この記事では、転職を前提にせず、今の職場で自分をすり減らしすぎずに働く考え方を、9つの戦術に整理します。

やまと

私自身、工業高校(電子機械科)卒業後、大手楽器メーカー → 自衛隊 → SES企業 → 地方中小の製造業 と4社渡り歩いた側です。辞めた会社もあれば、「働きたくない」と思いながら残って正解だった時期もありました。残る時期に「全力で頑張る」ではなく「消耗しない設計をする」と決めてから、毎週末に湧いてくる『辞めたい』の解像度がだいぶ下がりました。

このページについて

当ページにはアフィリエイト広告(サイバー大学・通信制大学一括資料請求のプロモーション・A8.net 経由、およびAudibleプレミアムプランのプロモーション・Amazonアソシエイト経由)が含まれます。本記事の「在職中に持ち帰れるものを増やす選択肢」と「個人的に読み返している1冊」は、私自身がSES企業在職中にサイバー大学を卒業した経験と、その時期に何度も読み返してきた経験をもとに、広告の有無にかかわらず正直に書いています。最新の学費・募集要項・Audibleの料金・制度内容は必ず公式サイトの一次情報をご確認ください。

この記事の結論
  • 「働きたくない」気持ちは消さなくていい。消そうとするほど自分を責める時間が増える
  • モチベーションで仕事を回さない。低出力でも止まらない仕組みを先に作る
  • 「頑張る範囲」を自分で決める。全部100点を狙うと長く働けない
  • 今の会社にいる期間を、「持ち帰れるもの(スキル・実績・学位・貯金)」を増やす期間として使う
  • 逃げ道だけは常に作っておく。逃げ道がある状態は、今日のしんどさを少し軽くする
目次

「働きたくない」は甘えではなく、ふつうの感情

まず大前提として、「働きたくない」と思うこと自体はおかしくありません。仕事は基本的に、自由時間と体力と精神力を差し出してお金を得る行為です。どれだけ好きな仕事でも、毎日ずっと楽しいわけではない。朝起きるのがつらい日もあるし、面倒な人間関係もあるし、納得できない仕事もあります。

厚生労働省の雇用動向調査によれば、毎年700万人以上が転職または離職しています。それでも、辞めずに「働きたくない」を抱えたまま通勤を続けている人は、その何倍もいます。「働きたくない」を抱えながら働き続ける人は、珍しくない大勢派です。

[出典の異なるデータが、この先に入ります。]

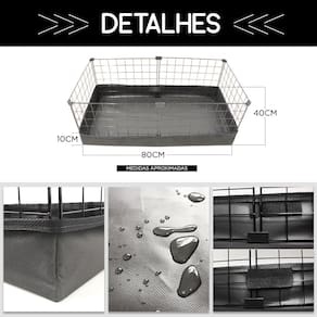 CERCADO ARAMADO PORQUINHO DA ÍNDIA 40X80 CM PRETO COM BANDEJA HIGIÊNICA IMPERMEÁVELPara você que ama o seu Pet e deseja proporcionar o melhor lugar para ele, os cercados aramados são a sua melhor opção. Eles são compostos de telas aramadas de aço e conectivos de plástico, que é a combinação ideal para uma melhor organização, durabilidade e segurança para o seu animalzinho, além de se adaptar muito bem ao ambiente.É importante que o Pet tenha espaço suficiente para ficar confortável no seu dia a dia, por isso a escolha do cercado deve ser feita com cuidado.Nesse modelo, o cercadinho pet acompanha um tapete higiênico para facilitar a limpeza do espaço. Além desse benefício, a bandeja para cercado oferece outras vantagens como a facilidade para guardar e manusear, seu encaixe perfeito e o fato de ser impermeável, não absorvendo líquidos.RECOMENDAÇÕES DE USO:- Tamanho ideal para 1 Porquinho da ÍndiaDIMENSÕES APROXIMADAS: - Largura: 40cm - Comprimento: 80cm - Altura: 30cmCARACTERÍSTICAS: - Cor: Preto - Material: Aço - Telas: 30x40cm - Malha: 5cm - Modelo: Simples - Forração: Tapete Higiênico - Fundo com Telas: Não* Recomendamos que sempre verifique antes da escolha se o seu PET não atravessa a malha das telas (buracos) e/ou se ele não salta pelo cercado.* Possuímos os mais variados tipos de cercados em modelos e tamanhosITENS INCLUSOS:- Kit de telas e conectivos para montagem de um cercado aramado 40x80x30cm- 01 Tapete Bandeja Higiênico * Procurou um modelo e não encontrou? Tem algum projeto específico? Não sabe como aumentar seu cercado? Deixe-nos saber e vamos te ajudar!OBSERVAÇÕES:- O produto vai desmontado para ser montado no local e igual a imagem do anúncio;- Recomendamos para porquinhos da índia e coelhos, cercados com forração (Soft/Lona/Polionda/Tapete Higiênico);- Para colocação dos conectivos é preciso fazer um pouco de pressão, por isso sugerimos o uso de um martelinho de borracha (não acompanha o produto). - Imagens ilustrativas - Não nos responsabilizamos pelo uso inadequado do produtoNão deixe de conhecer nossos outros produtos! Marca: Iguanna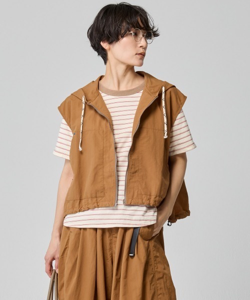 撥水 ドロスト フードベスト / ミリタリーベスト / ナイロンベスト / 体型カバー / ライトアウター / セットアップ対応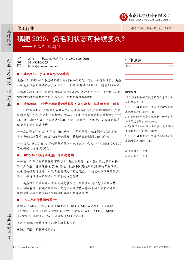 【浙商证券】【20191124】化工行业周报:磷肥2020:负毛利状态可持续多久?-16页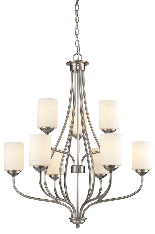9 Light Chandelier --- Matte opal glass sitting atop the graceful curving arms give the Cardinal family its transitional style. The brushed nickel finish is perfectly paired with matte opal glass to complete this up-to-date family...Regular price $291.20 -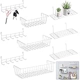 Yaocom 9 Pcs Grid Wall Shelves Gridwall Accessories Wall Grid Panel Hanging Basket with Hooks Set Includes 3 Basket 3 Wire Straight Shelf 3 Hooks Rack for Home Storage Display Organizer (White)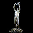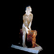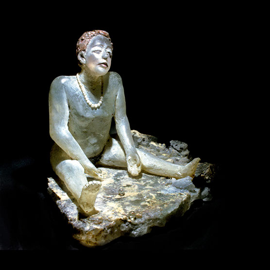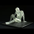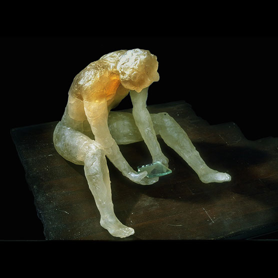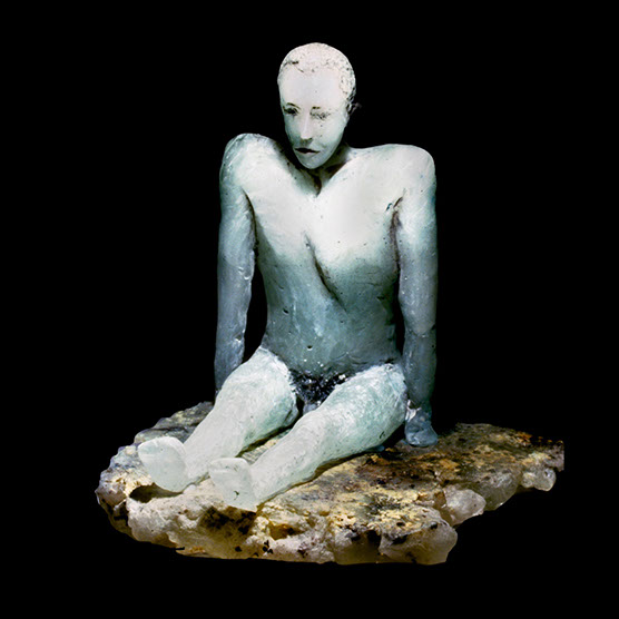 “Waiting Male” , 89 , 13X14X12" , Kiln cast glass , Marble, electroplated dessert rose.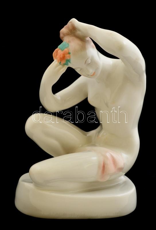 Beschreibung: Aquincumi porcelán fésülködő akt, kézzel festett, jelzett, hibátlan, m: 14 cm

なので、「働きたくない自分はダメだ」「社会人失格だ」「もっと前向きにならなきゃ」と自分を責める必要はありません。大事なのは、気持ちをゼロにすることではなく、その気持ちと付き合いながら生活を壊さないことです。前向きさは、必要なときに自分で作るより、状況の副産物として勝手に湧いてくるものに近い。

『転職しない』は逃げではなく、立派な戦略になり得る

「働きたくないなら転職すればいい」と簡単に言われることがあります。でも、転職は万能薬ではありません。転職先にも嫌な人はいるかもしれない。仕事内容が思ったより合わないかもしれない。給料が下がるかもしれない。今より忙しくなるかもしれない。転職には、現職とは別の種類のリスクがあります。

だからこそ、「今の職場に不満はある。でも総合的に見ると、今は残った方がいい」という判断はかなり現実的な戦略です。妥協ではなく、選択。今の職場を「人生を捧げる場所」として見るのではなく、生活費を得ながら、自分の次の選択肢を増やす場所として捉え直すと、毎朝の重さが少し変わります。

判断軸そのもの――「残る理由」を能動的に書き出して構造で決めるやり方は、姉妹記事で7項目フレームとして整理しているので、判断に迷っている人はこちらを先に読んでみてください。

仕事はモチベーションではなく『仕組み』で回す

働きたくない人ほど、実は「モチベーションがない自分」を責めがちです。でも、毎日高いモチベーションで働ける人の方が少数派。仕事はやる気で回すものではなく、仕組みで回すものです。感情に頼らずに前に進める形を、先に作っておく

STEP
① 開始のルーチンを1つだけ決める

「朝からやる気を出そう」ではなく、「出社したら最初にメールを開く」「PCを起動したら最初にTodoを見る」のような、判断のいらない最初の1動作を固定する。やる気は動き始めた副産物として遅れてついてきます。

STEP
② 「集中する」ではなく、25分だけ作業する

気合や根性で集中しに行くのではなく、「25分タイマーをセットして、終わったら席を立つ」と決めるだけ。集中は気合ではなく時間設計の結果です。働きたくない日ほど、短い単位で区切ると進みます。

STEP
③ 「完璧」ではなく「最低限ライン」で合格にする

「完璧にやろう」ではなく「今日はこの3つだけ終われば合格」と先に合格ラインを決める。働きたくない日に、いつも通りのパフォーマンスを出そうとすると苦しくなります。調子が悪い日でも完全に崩れないことの方が、長期では圧倒的に効きます。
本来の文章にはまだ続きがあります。